> **DESCRIPTION OF THE TASK**
Write the data out again exactly, with no pictures.

> **EXERCISE MATERIAL**
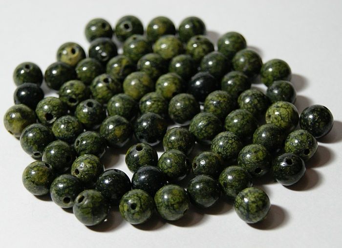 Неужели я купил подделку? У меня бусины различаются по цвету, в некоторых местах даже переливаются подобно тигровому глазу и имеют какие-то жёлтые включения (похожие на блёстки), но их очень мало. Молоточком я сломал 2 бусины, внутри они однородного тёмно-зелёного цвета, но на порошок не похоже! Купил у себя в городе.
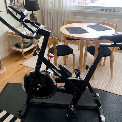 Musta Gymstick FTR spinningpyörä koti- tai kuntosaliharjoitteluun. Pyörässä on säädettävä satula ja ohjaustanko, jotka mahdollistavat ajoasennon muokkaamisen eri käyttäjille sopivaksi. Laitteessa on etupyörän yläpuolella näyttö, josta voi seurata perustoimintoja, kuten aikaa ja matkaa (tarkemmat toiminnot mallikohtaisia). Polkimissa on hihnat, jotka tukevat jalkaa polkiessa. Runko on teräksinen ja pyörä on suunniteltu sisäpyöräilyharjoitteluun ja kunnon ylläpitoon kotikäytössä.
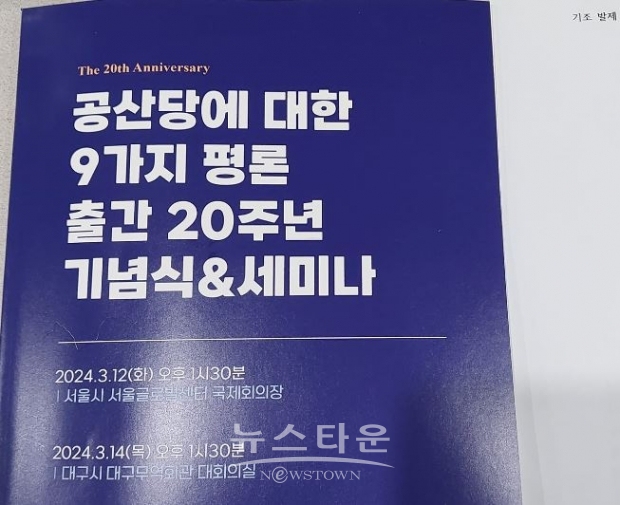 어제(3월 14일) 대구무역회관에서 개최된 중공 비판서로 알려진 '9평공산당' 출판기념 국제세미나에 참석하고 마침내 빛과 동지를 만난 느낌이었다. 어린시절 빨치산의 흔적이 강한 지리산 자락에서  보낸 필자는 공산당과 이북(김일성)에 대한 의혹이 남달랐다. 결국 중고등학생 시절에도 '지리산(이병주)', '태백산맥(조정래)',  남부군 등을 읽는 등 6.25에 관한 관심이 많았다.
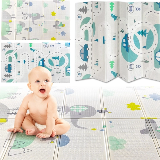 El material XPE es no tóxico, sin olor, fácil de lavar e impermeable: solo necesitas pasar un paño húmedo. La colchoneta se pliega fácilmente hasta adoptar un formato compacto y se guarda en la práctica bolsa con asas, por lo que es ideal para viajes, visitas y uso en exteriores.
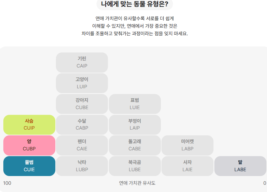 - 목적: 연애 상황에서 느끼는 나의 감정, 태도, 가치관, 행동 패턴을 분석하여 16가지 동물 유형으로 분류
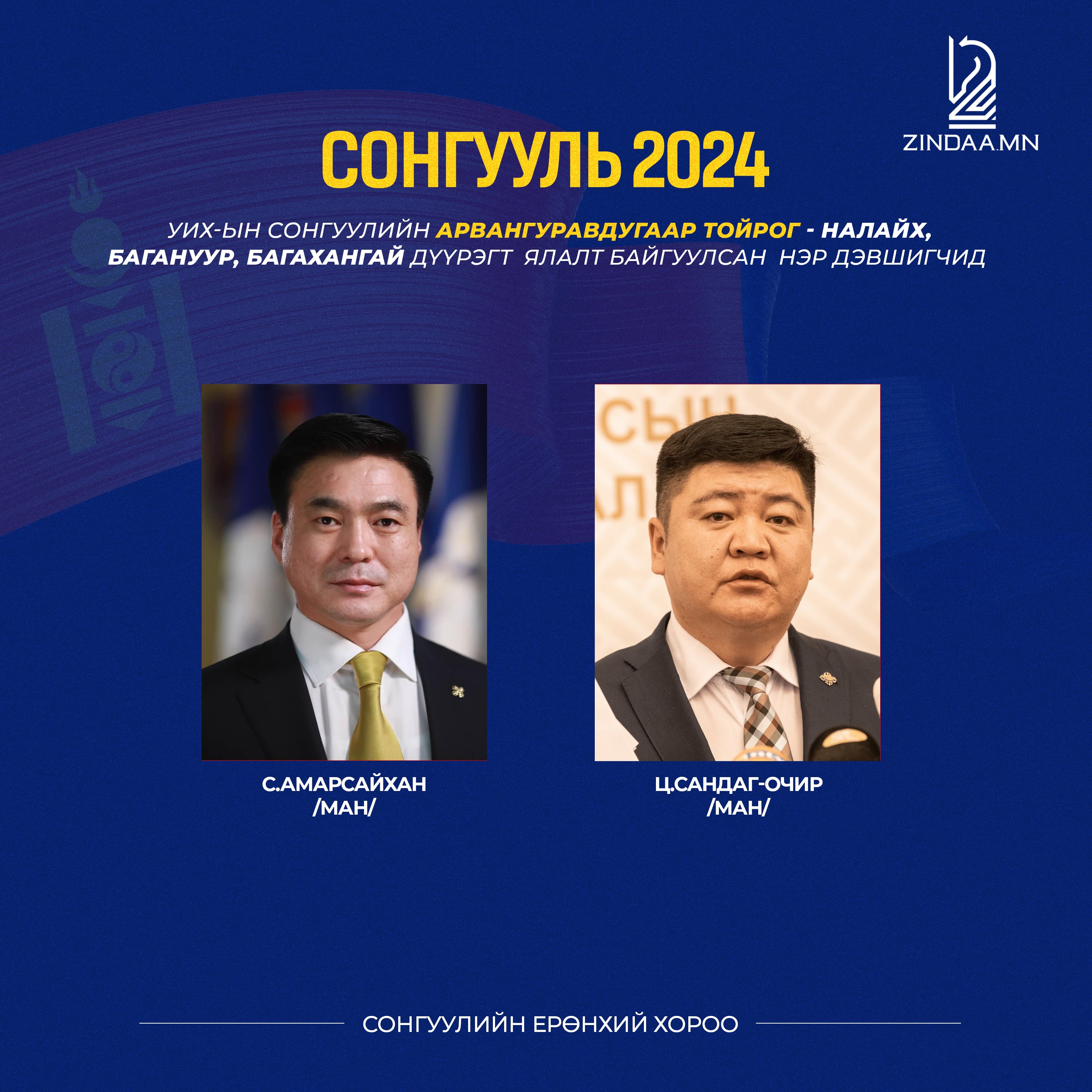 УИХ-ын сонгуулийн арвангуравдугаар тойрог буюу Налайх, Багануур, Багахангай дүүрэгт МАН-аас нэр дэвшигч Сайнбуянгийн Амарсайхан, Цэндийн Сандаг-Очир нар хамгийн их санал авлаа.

> **OUTPUT BELOW**
 Неужели я купил подделку? У меня бусины различаются по цвету, в некоторых местах даже переливаются подобно тигровому глазу и имеют какие-то жёлтые включения (похожие на блёстки), но их очень мало. Молоточком я сломал 2 бусины, внутри они однородного тёмно-зелёного цвета, но на порошок не похоже! Купил у себя в городе.
 Musta Gymstick FTR spinningpyörä koti- tai kuntosaliharjoitteluun. Pyörässä on säädettävä satula ja ohjaustanko, jotka mahdollistavat ajoasennon muokkaamisen eri käyttäjille sopivaksi. Laitteessa on etupyörän yläpuolella näyttö, josta voi seurata perustoimintoja, kuten aikaa ja matkaa (tarkemmat toiminnot mallikohtaisia). Polkimissa on hihnat, jotka tukevat jalkaa polkiessa. Runko on teräksinen ja pyörä on suunniteltu sisäpyöräilyharjoitteluun ja kunnon ylläpitoon kotikäytössä.
 어제(3월 14일) 대구무역회관에서 개최된 중공 비판서로 알려진 '9평공산당' 출판기념 국제세미나에 참석하고 마침내 빛과 동지를 만난 느낌이었다. 어린시절 빨치산의 흔적이 강한 지리산 자락에서  보낸 필자는 공산당과 이북(김일성)에 대한 의혹이 남달랐다. 결국 중고등학생 시절에도 '지리산(이병주)', '태백산맥(조정래)',  남부군 등을 읽는 등 6.25에 관한 관심이 많았다.
 El material XPE es no tóxico, sin olor, fácil de lavar e impermeable: solo necesitas pasar un paño húmedo. La colchoneta se pliega fácilmente hasta adoptar un formato compacto y se guarda en la práctica bolsa con asas, por lo que es ideal para viajes, visitas y uso en exteriores.
 - 목적: 연애 상황에서 느끼는 나의 감정, 태도, 가치관, 행동 패턴을 분석하여 16가지 동물 유형으로 분류
 УИХ-ын сонгуулийн арвангуравдугаар тойрог буюу Налайх, Багануур, Багахангай дүүрэгт МАН-аас нэр дэвшигч Сайнбуянгийн Амарсайхан, Цэндийн Сандаг-Очир нар хамгийн их санал авлаа.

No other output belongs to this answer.